It seems ther error comes from the following lines in tf_policy.py if self._validate_args: nest_utils.assert_same_structure( step, self._policy_step_spec, message='action output and policy_step_spec structures do not match') which is invoked by the policy_saver in PolicySavedModelTrigger

Is it a bug?

sguada commented 2 years ago

The specs don't match PolicyStep(action=., state=(), info={'dist_params': {}, 'value_prediction': .}) vs. PolicyStep(action=., state=(), info=DictWrapper({'dist_params': DictWrapper({'logits': .}), 'value_prediction': .}))

Make sure the policy builds the correct info data.

DavyMorgan commented 2 years ago

Thanks. My question is actually that can PPOAgent support multiple discrete actions?

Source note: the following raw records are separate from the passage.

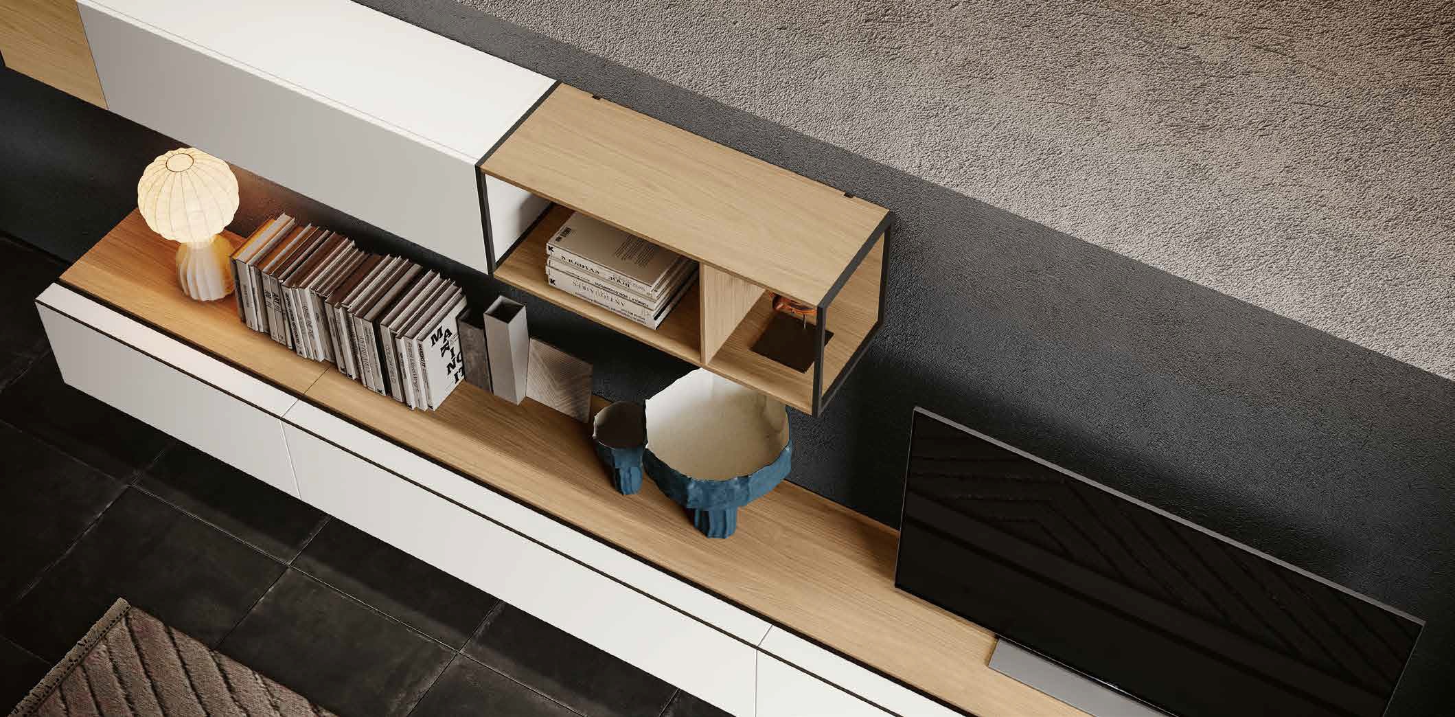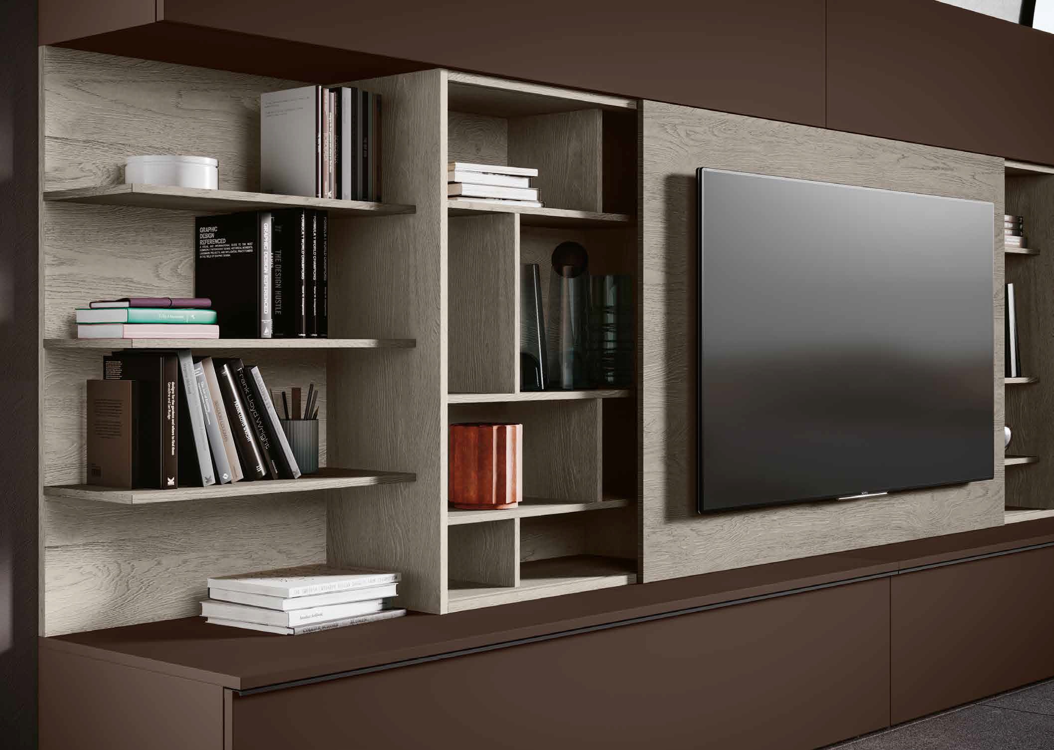 Integrazione Multimediale: Progettata per il living moderno, include soluzioni per il passaggio dei cavi e vani dedicati, mantenendo l'estetica pulita e ordinata.
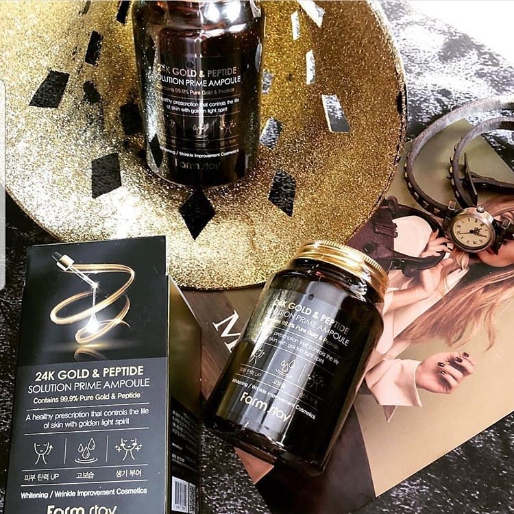 Huyết thanh Ampoule với Vàng và Peptide Dung tích:35ml Xuất xứ:Hàn Quốc Thương hiệu: Farmstay Dòng sản phẩm Chăm sóc da cao cấp - serum với các thành phần quý giá : Vàng 24 cara
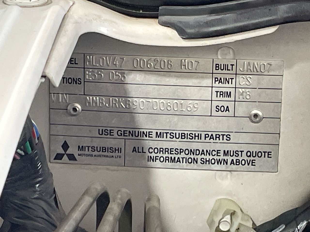 • VIN: MMBJRKB907D080169
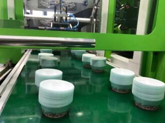????????伊之密PacPro薄壁包裝產(chǎn)品成型方案在現(xiàn)場也進(jìn)行了展示,2.2秒內(nèi)高速成型一出四貼標(biāo)圓形容器。
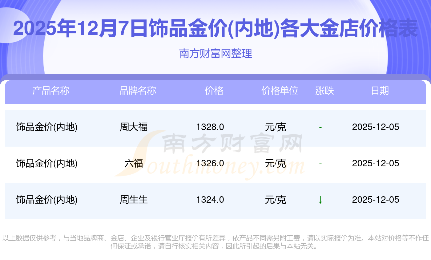 2025年12月7日周大福、周大福、周大福、周大福、周大福、周大福、周大福、老凤祥、老凤祥、老凤祥、周六福等各大金店品牌饰品金价(内地)最新价格如下:周大福黄金价格1328.0元/克,周大福铂金价格662.0元/克,周大福饰品金价(内地)1328.0元/克,周大福黄金饰品(香港)46550.0,周大福铂金价格(香港)18970.0,周大福金条价格(香港)41990.0,周大福金条金价(内地)1165.0元/克,老凤祥黄金价格1325.0元/克,老凤祥铂金价格600.0元/克,老凤祥足金价格1325.0元/克,周六福黄金价格1289.0元/克。
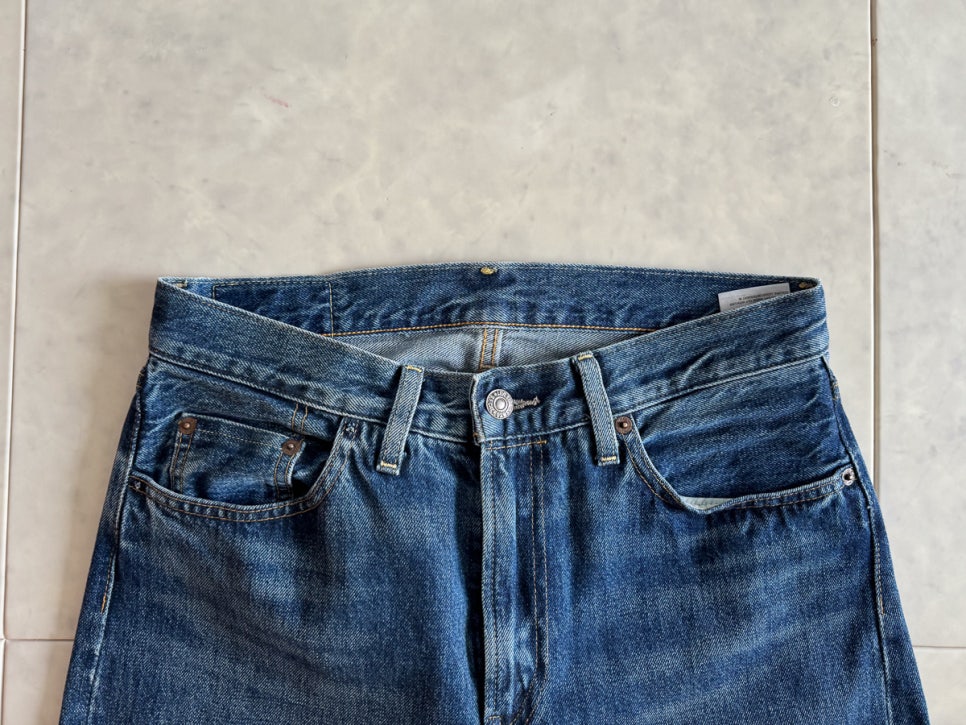 54501 톨 테일은 적당한 중청 색감에 가벼운 원단감으로 좋은 착용감과 핏 감입니다.
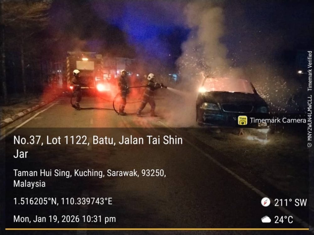 KUCHING: Sebuah kereta musnah sekitar 90 peratus dalam satu kejadian kebakaran di bahu Jalan Tai Shin Jar, Hui Sing di sini, malam ini.
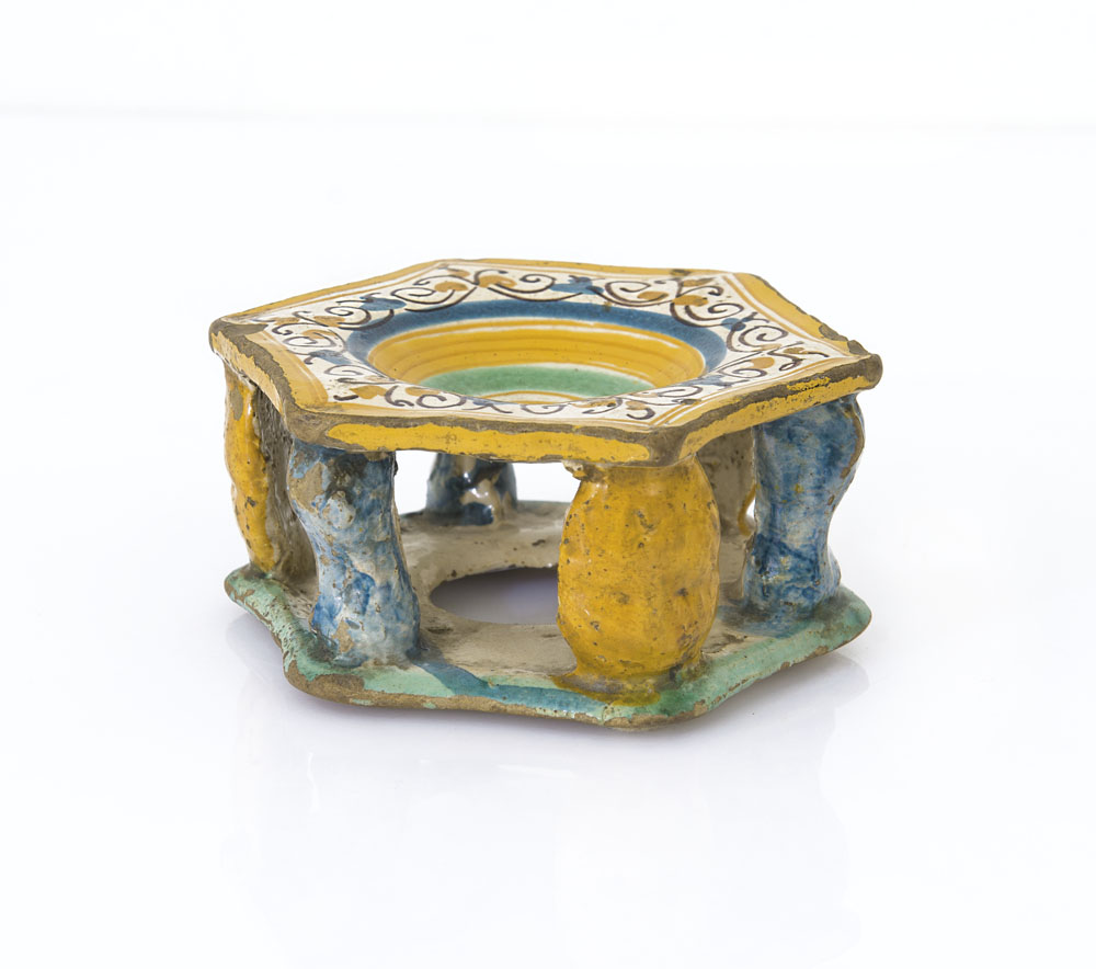 SALIERA IN MAIOLICA, XVII-XVIII SECOLO, esagonale con pilastrini, decoro policromo; restauri e sbeccature.
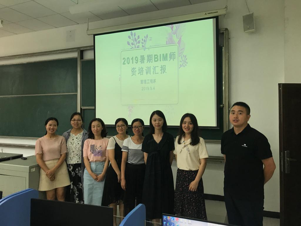 为进一步提高我校工程管理专业教师BIM应用技能水平,加强BIM师资队伍建设,7月19日-8月11日,管理工程系工程管理教研室徐桂霄、陈明燕、张红、乔兴刚、周洪艳5位教师,应邀参加了2019年全国高等院校BIM应用技能暑期师资培训班、全国建筑院校BIM师资工程项目实操培训、第十一届全国高等院校“斯维尔杯”BIM-CIM创新大赛暑期师资培训班,同时,在开学伊始,工程管理教研室全体教师在S2304听取了各位参培教师的汇报分享会,本次会议由工程管理教研室主任周梦娇副教授主持。
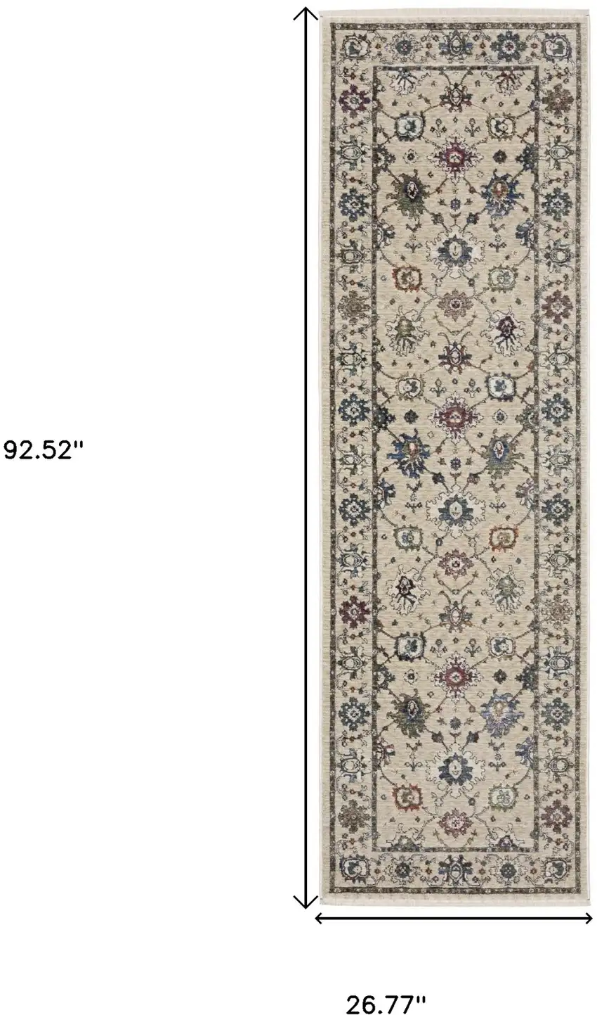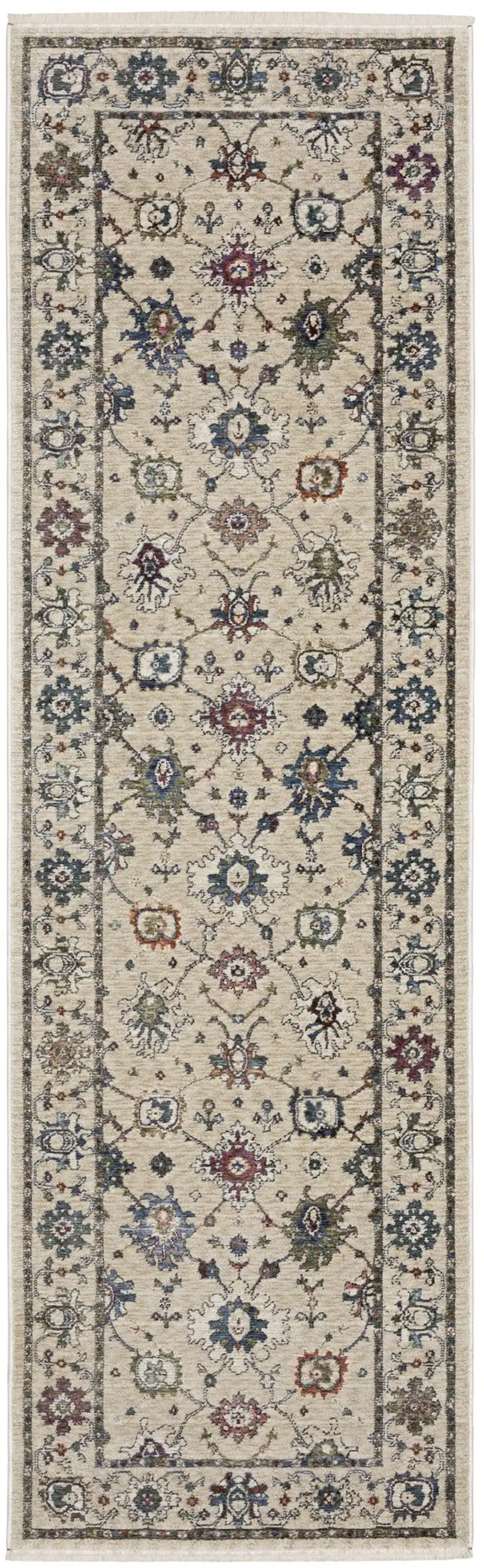 8' Ivory Tan And Blue Floral Runner Rug With Fringe
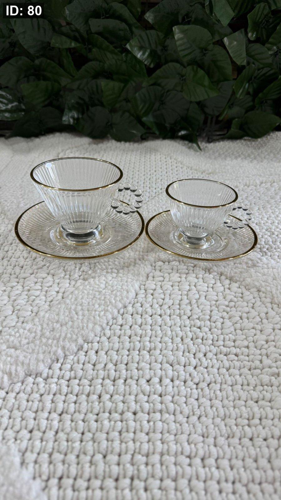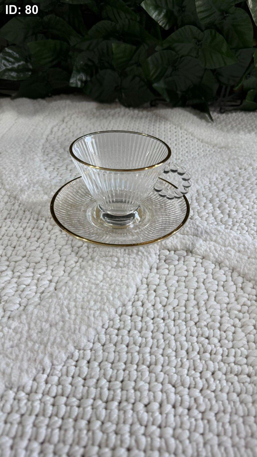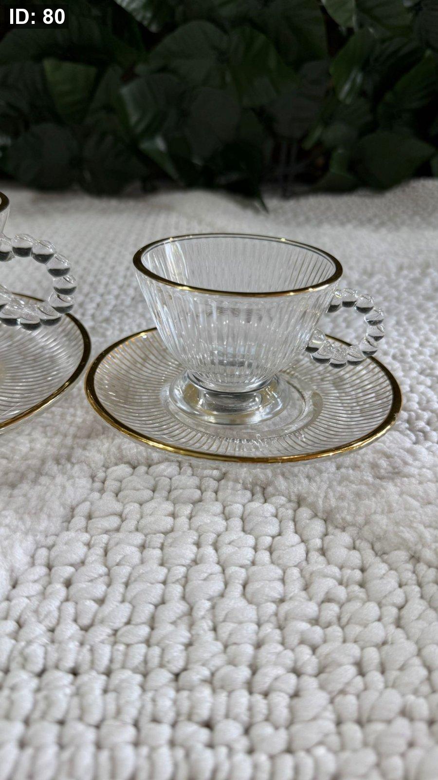 كاسات شاي مع صحونهن وفناجين وصحونهن
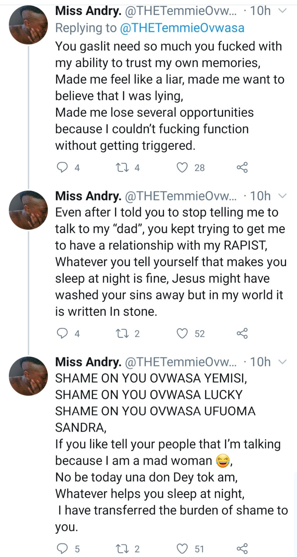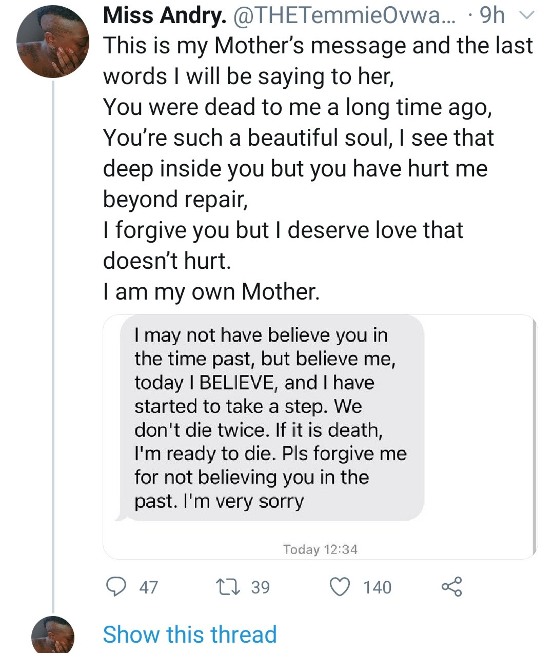 According to her, after she made the shocking revelation on Twitter yesterday, her mother reached out to her, asking for forgiveness for not believing her.
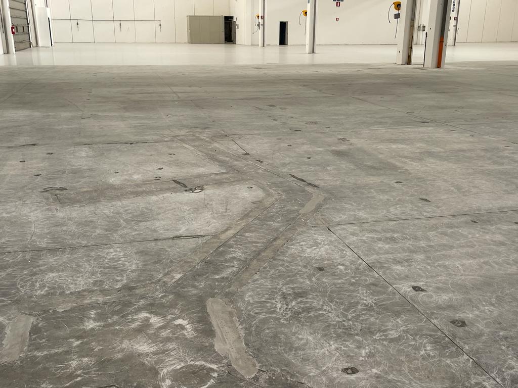 Prima di definire il ciclo di intervento, abbiamo eseguito un’analisi tecnica dello stato del supporto, valutando il livello di degrado, la planarità e la presenza di zone ammalorate. La prima fase operativa ha previsto una levigatura meccanica del pavimento industriale, indispensabile per rimuovere lo strato deteriorato, eliminare le parti incoerenti e preparare correttamente la base per le lavorazioni successive. Le aree più compromesse sono state ripristinate con interventi di regolarizzazione mirati, così da garantire continuità e uniformità alla superficie.
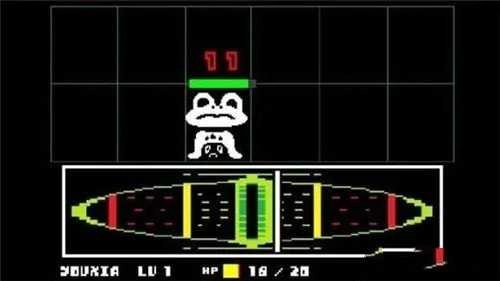 点击“fight”进入攻击画面,形式和节拍音游差不多,在白色条纹从左向右移动时,在中间处确定打出最大伤害。
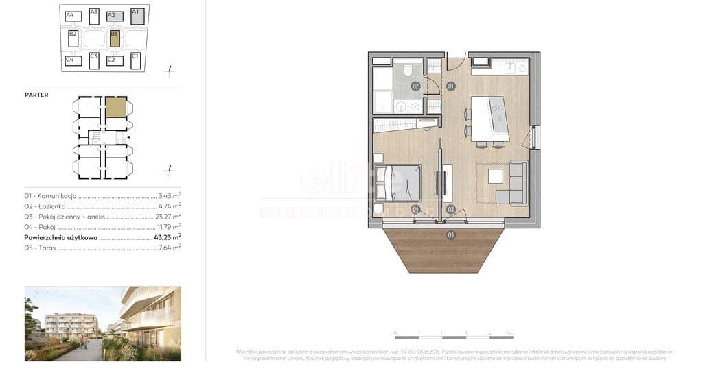 Prezentowana oferta dotyczy apartamentu, o powierzchni 43,27 m2, który składa się z:

I found no tutorials about this topic.

DavyMorgan commented 2 years ago

The specs don't match PolicyStep(action=., state=(), info={'dist_params': {}, 'value_prediction': .}) vs. PolicyStep(action=., state=(), info=DictWrapper({'dist_params': DictWrapper({'logits': .}), 'value_prediction': .}))

Make sure the policy builds the correct info data.

@sguada Does the PPOAgent in tf-agents only support 1-D action?

sibyjackgrove commented 2 years ago

I believe this issue is related to #720 which I had raised earlier. Unfortunately, still haven't been able to find a solution. This pull request #705 could potentially address this.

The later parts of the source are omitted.